The asymmetry is measured both during the pulse and afterwards. For a a general spin relaxation function :math:`f(t)` the time evolution of the asymmetry is then given by [`Z. Salman, et al., PRL 96, 147601 (2006) <http://dx.doi.org/10.1103/PhysRevLett.96.147601>`_]:
.. index:: SLR
.. _SLR:
.. math::
P(t) = \left\{\begin{matrix}
\frac{\int_0^t e^{-(t-t')/\tau_{\mathrm{Li}}}f(t-t')dt'}{\int_0^t e^{-t'/\tau_{\mathrm{Li}}}dt' } & t\leq t_0\\[6pt]
\frac{\int_0^{t_0}e^{-(t_0-t')/\tau_{\mathrm{Li}}}f(t-t')dt'}{\int_0^{t_0}e^{-t'/\tau_{\mathrm{Li}}}dt'} & t> t_0,
\end{matrix}\right.
where :math:`\tau_{\mathrm{Li}}=1.21`\ s is the :math:`^8`\ Li lifetime.
Functions
^^^^^^^^^^^^
The ``libLineProfile`` library currently contains the following functions:
.. index:: ExpRlx
**Exponential relaxation**
::
userFcn libBNMR ExpRlx 1 2
The parameters are:
#. pulse length :math:`t_0` (ms)
#. relaxation rate :math:`\sigma` (ms\ :math:`^{-1}`\ )
This function implements :math:`f(t)=e^{-\sigma t}`.
.. index:: SExpRlx
**Stretched exponential relaxation**
::
userFcn libBNMR SExpRlx 1 2 3
The parameters are:
#. pulse length :math:`t_0` (ms)
#. relaxation rate :math:`\sigma` (ms\ :math:`^{-1}`\ )

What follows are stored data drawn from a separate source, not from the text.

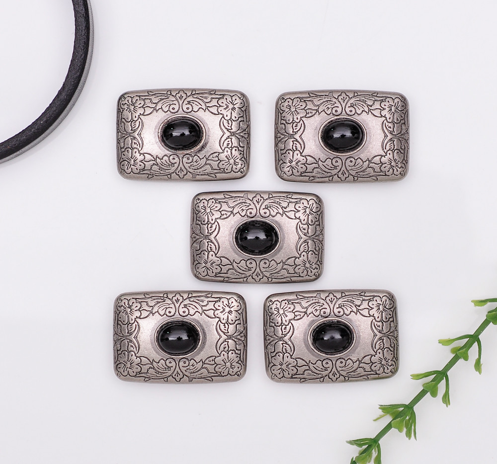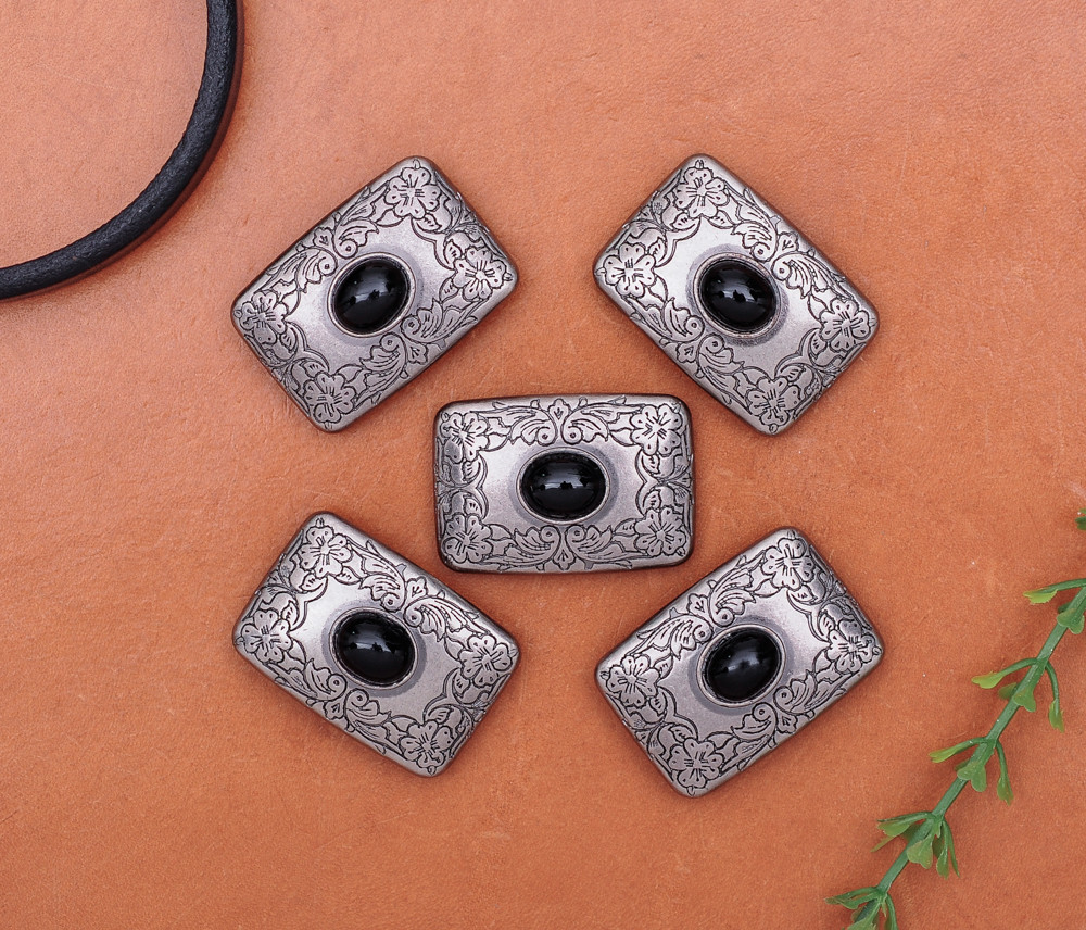 4PC 32X22MM SILVER BLACK Turquoise Western Flower Decor Saddle Belt Conchos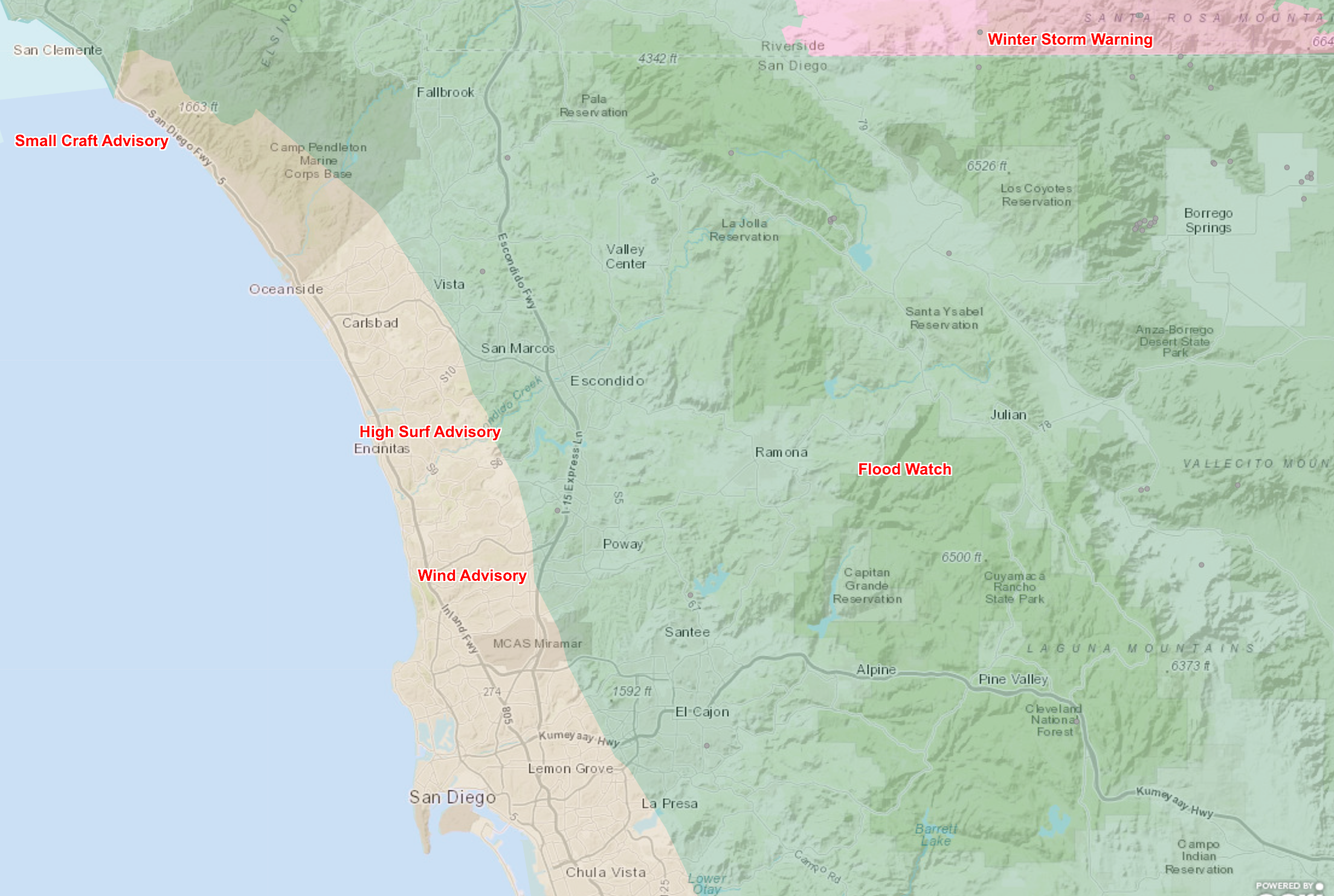 Widespread flooding is expected along with historic levels of rain and dangerous wind gusts. Southern California is under flood watch and wind advisories, and winter weather warnings are in effect in the mountains. The National Weather Service is also warning of the potential for water spouts and small tornadoes, calling the storm a "dangerous system with major risks to life and property."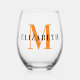 Personalized Monogram Custom Initial Name Elegant Stemless Wine Glass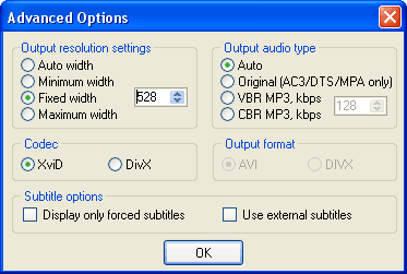В нем указываете входной файл (в данном случае - ролик, записанный на диск с помощью Nero Vision), даете имя выходному файлу, а дальше задаете желаемый размер файла после переконвертации (чтобы, например, десять часовых серий поместились на один диск, каждый из них должен быть не более 450 мегабайт), а также в разделе Advanced Settings желательно выставить минимальное разрешение - например, 528 точек. Этого разрешения вполне достаточно для просмотра телепрограмм на экране телевизора.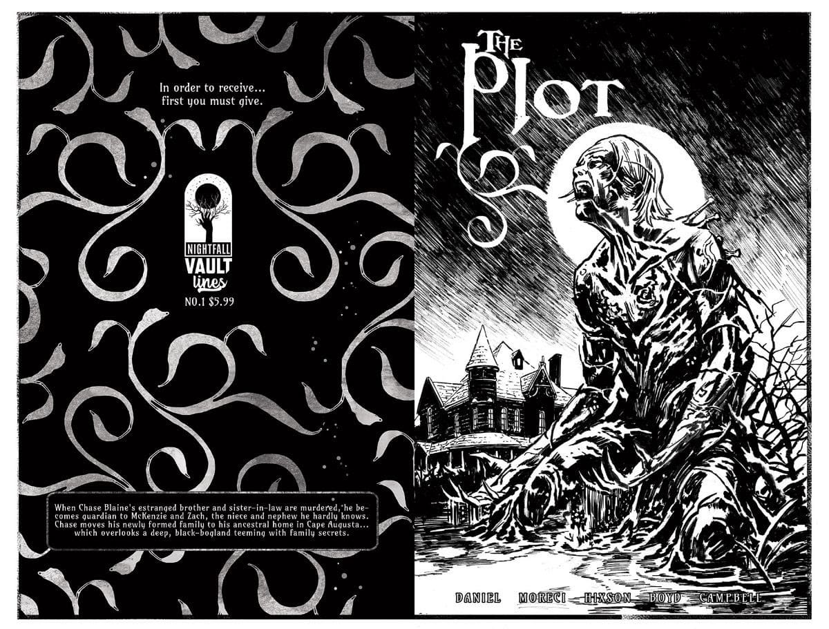 The Plot is written by Tim Daniel and Michael Moreci, drawn by Joshua Hixson, colored by Jordan Boyd, lettered by Jim Campbell.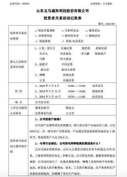 玉马遮阳向投资者介绍了公司的客户结构。公司的产品销售采用直销模式,绝大部分客户为成品加工商,占比80%左右;另一部分客户为贸易商,产品通过贸易商流转到成品加工商环节,贸易商客户占比20%左右。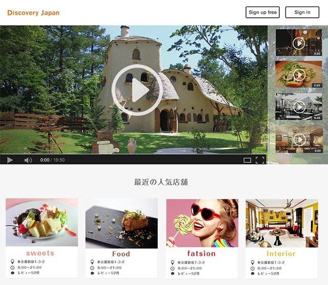 さらに、「DISCOVERY JAPAN」では、全てのお店を動画で紹介しているので、まるでテレビを見るように楽しんで使うことができます。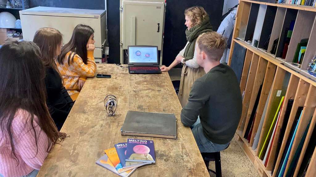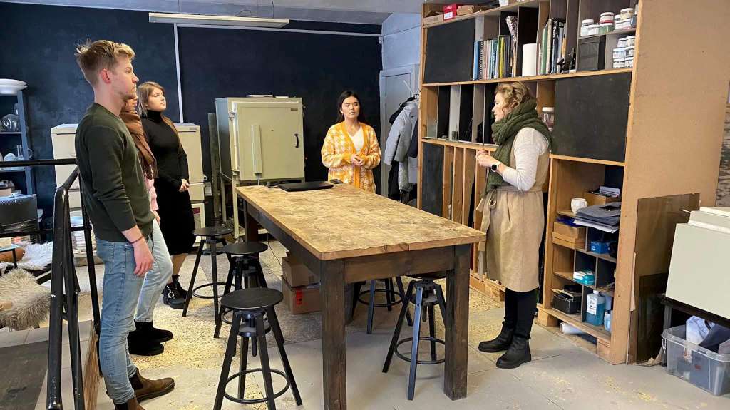 Apgūstot kursu "Laikmetīgā māksla", Ekonomikas un kultūras augstskolas maģistra programmas "Zīmola dizains" studenti ciemojās stikla mākslas studijā GLASS POINT, pie stikla mākslinieces Annas Heinsbergas Varnases. Vieslekcijas laikā studenti apskatīja studijā esošos un topošos laikmetīgos mākslas darbus, iepazinās ar studijas tapšanas un attīstības gaitu, uzzināja, kā tiek veidots skiču bloks un mākslinieka portfolio, kā veidot veiksmīgu sadarbību ar klientu, kā arī izzināja laimetīgās mākslas un biznesa simbiozes pamatprincipus.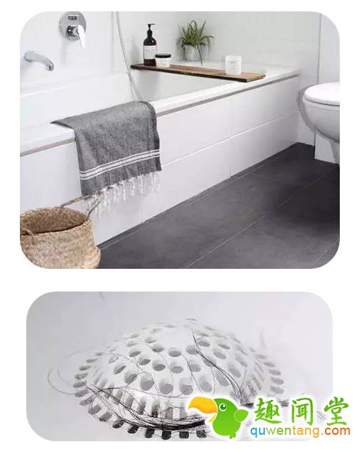 洗澡的时候,用旧丝袜包住下水道的口,就会把所有的头发都拦截下来啦!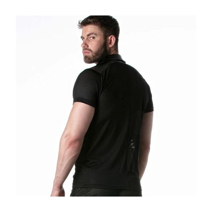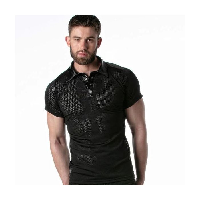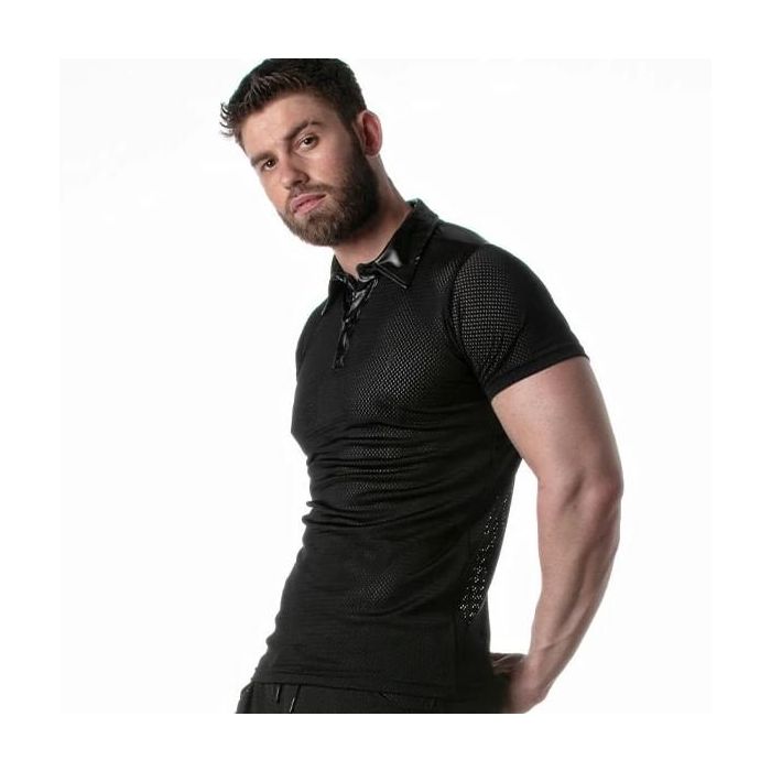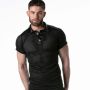 Deze veelzijdige top is gemaakt van rekbaar sportgaasweefsel voor een comfortabele pasvorm. Het heeft een kraag en knoopsluiting van imitatieleer, evenals details op de schouders. Op de linkerborst is een zwarte LEADER-logo te vinden. Deze top kan op verschillende manieren gestyled worden, of het nu voor een stoere fetisj-look is of voor een nette casual uitstraling. Het materiaal zorgt voor een comfortabele pasvorm, terwijl de leren details en de print een unieke uitstraling geven aan deze top.
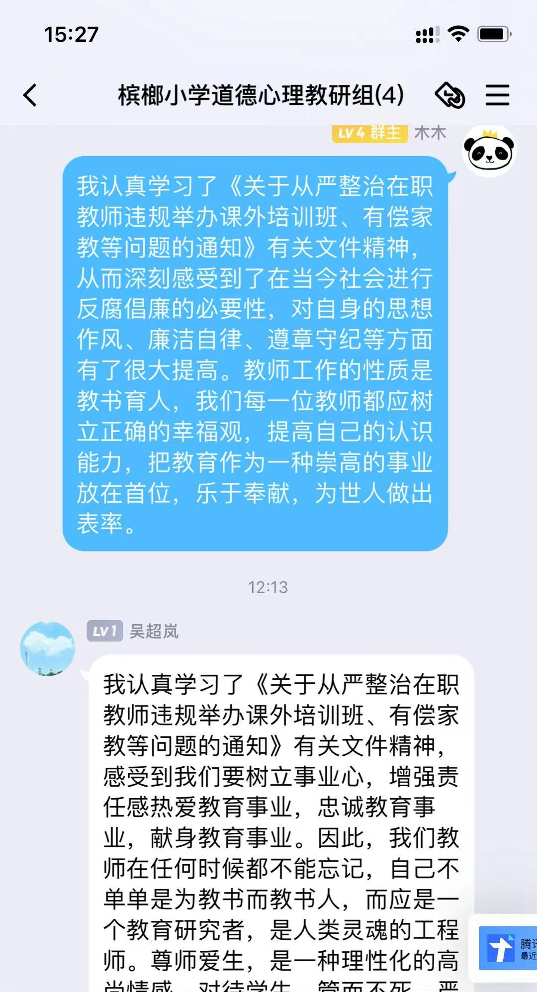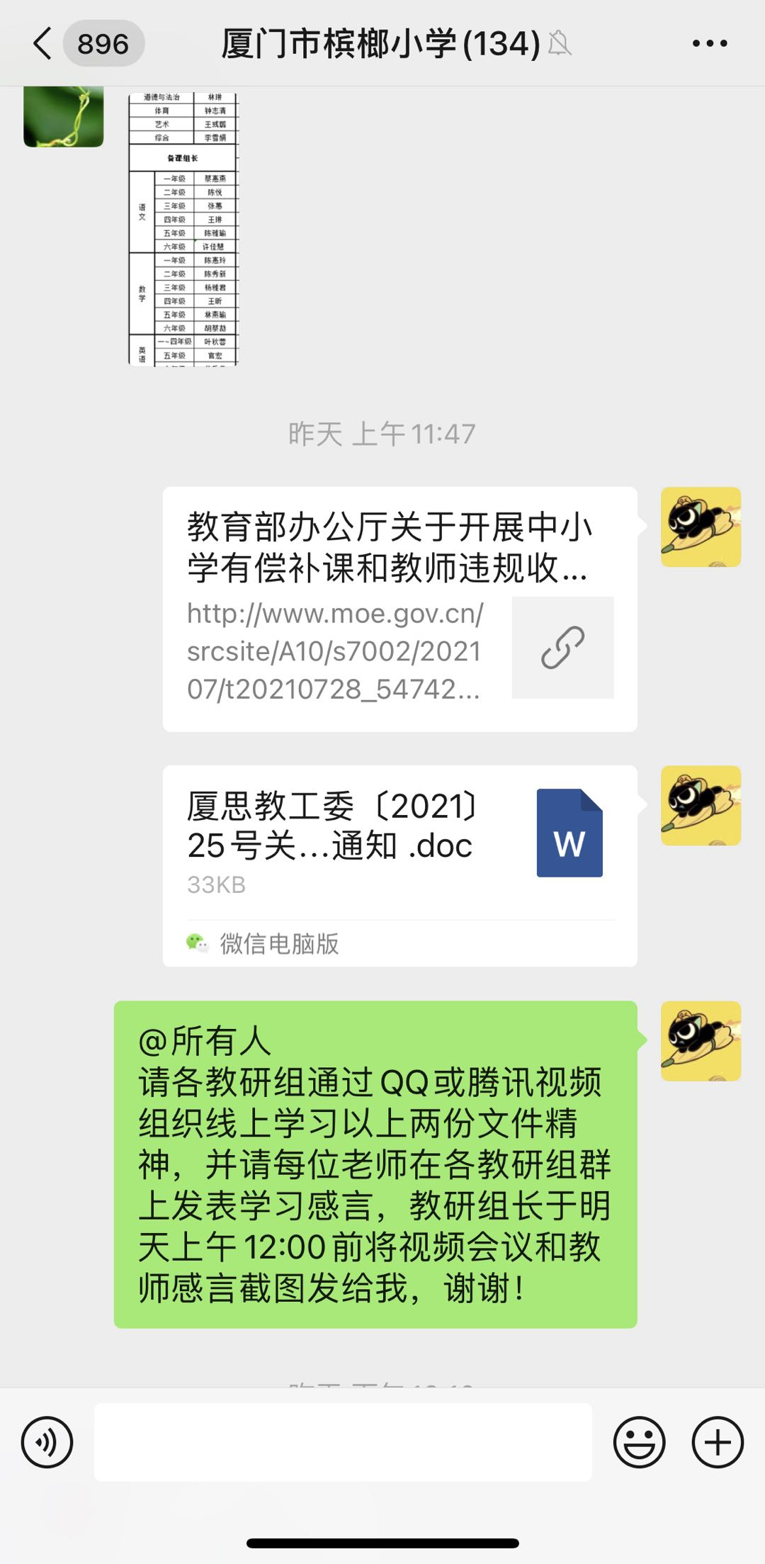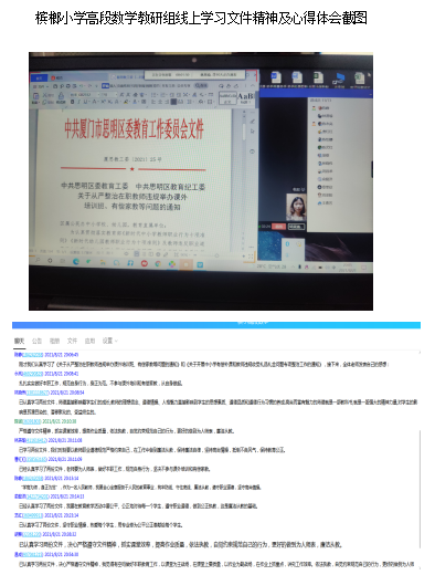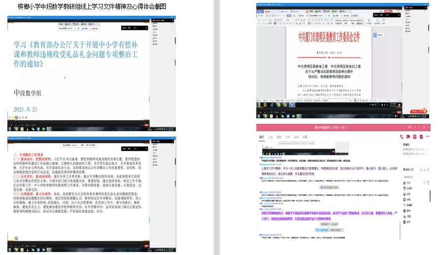 我校教师已于8月21日进行了师德师风学习活动,了解了“双减”意见及《中共思明区委教育工委中共思明区教育纪工委关于从严整治在职教师违规举办课外培训班、有偿家教等问题的通知》,并在本周内集中开展了有偿补课查处专项行动。各教研组通过线上学习文件精神,抒发心得体会,表达了遵守师德规范、严守职业道德的决心。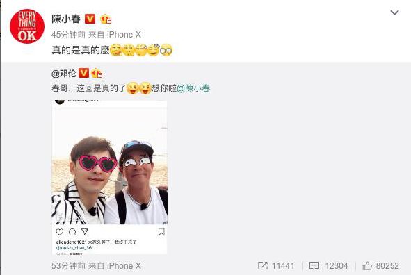 #陈小春关注邓伦假ins#上热搜之后,邓伦终于在微博上晒出了自己新开的ins账号,并配文:“春哥,这回是真的了,想你啦。”,随后,陈小春转发了邓伦的微博称:“真的是真的么。两兄弟也是超可爱的啦,经鉴定两人不是塑料兄弟情,毕竟邓伦为了陈小春开了ins啊!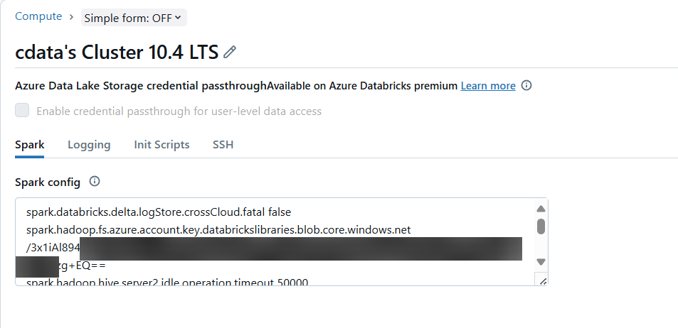 - Databricks クラスターの「Configuration」タブで「Edit」ボタンをクリックし、「Advanced options」を展開します。そこで、以下の Spark オプション(JAR URL のドメイン名から派生)に、コピーしたアカウントキーを値として追加し、「Confirm」をクリックします: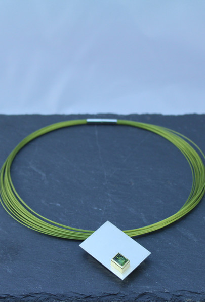 Gesellenstück Anhänger 925/- Silber mit 750/- Gelbgold mit grünem Turmalin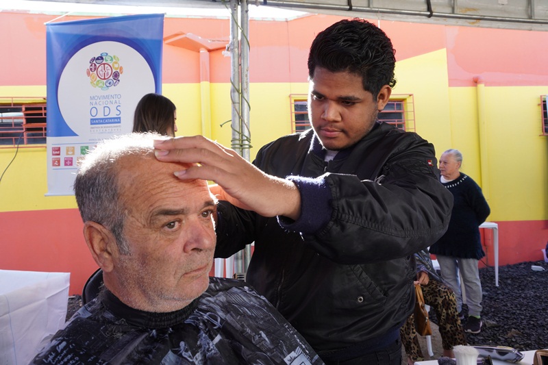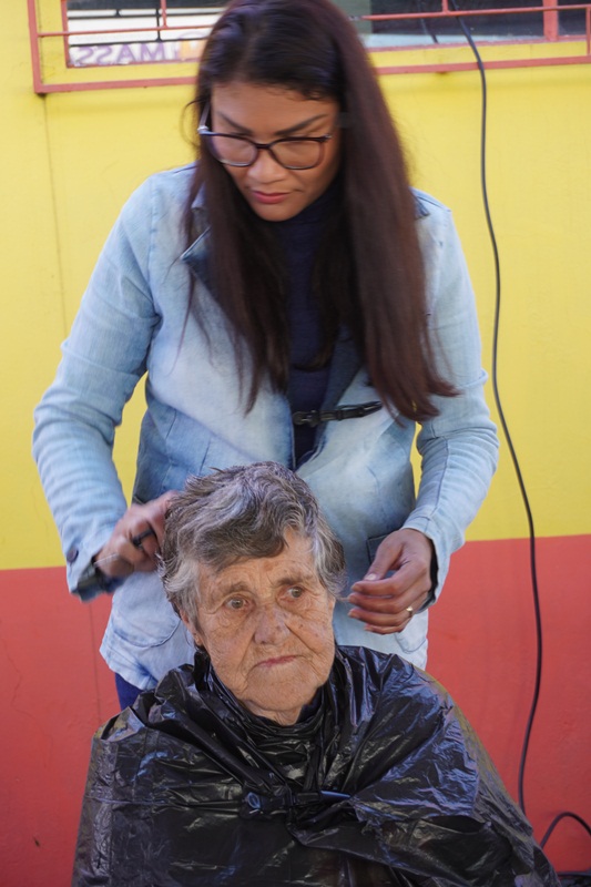 A senhora Odete Souza de Liz, 78 anos, aproveitou a oportunidade bem próxima à sua casa e fez um corte de cabelo. “Tenho muita dificuldade para ir ao Centro, sempre tenho que pedir a alguém para me levar, então ter esse serviço assim pertinho é uma comodidade”, comentou. O corte de cabelo feminino e escova foram ofertados, de forma gratuita, pela profissional Betzaida Del Valle Zerpa, proprietária da Esmaltaria Nacional Lages. Ao público masculino foram ofertados serviços de barbeiro, em parceria com o profissional Oscar José Zerpa. Ainda na área da beleza, a diretora da Mary Kay, Naiara Antunes disponibilizou o serviço de consultoria de imagem pessoal voltada para entrevista de emprego e automaquiagem básica.

#. stretching exponent :math:`\beta`
This function implements :math:`f(t)=e^{-(\sigma t)^{\beta}}`.
.. index:: libLineProfile
libLineProfile
+++++++++++++++++
In addition to some simple line shapes ``libLineProfile`` contains functions to fit chemical shift anisotropies in the powder average.
Their functional form can be found in `M. Mehring, Principles of High Resolution NMR in Solids (Springer 1983) <http://dx.doi.org/10.1007/978-3-642-68756-3_2>`_.
For an axially symmetric interaction it is given by:
.. index:: Iax
.. _Iax:
.. math::
I_{\mathrm ax}(f)=\left\{\begin{matrix} \frac{1}{2\sqrt{(f_\parallel-f_\perp)(f-f_\perp)}}& f\in(f_\perp,f_\parallel)\cup(f_\parallel,f_\perp)\\[6pt] 0 & \text{otherwise}\end{matrix} \right.
where :math:`f_\parallel` and :math:`f_\perp` are the frequencies that would be observed if the field is oriented paralell or perpendicular to the symmetry axis, respectively.
| In case of a completely anisotropic interaction, the powder average can be described by the frequencies along the three principle axis :math:`f_1,f_2,f_3`.
| Assume without loss of generality that :math:`f_1<f_2<f_3`, then
.. index:: Ianiso
.. _Ianiso:
.. math::
I(f)&=\left\{\begin{matrix}
\frac{K(m)}{\pi\sqrt{(f-f_1)(f_3-f_2)}},& f_3\geq f>f_2 \\[9pt]
\frac{K(m)}{\pi\sqrt{(f_3-f)(f_2-f_1)}},& f_2>f\geq f_1\\[9pt]
0 & \text{otherwise}
\end{matrix} \right. \\
\\
m&=\left\{\begin{matrix}
\frac{(f_2-f_1)(f_3-f)}{(f_3-f_2)(f-f_1)},& f_3\geq f>f_2 \\[6pt]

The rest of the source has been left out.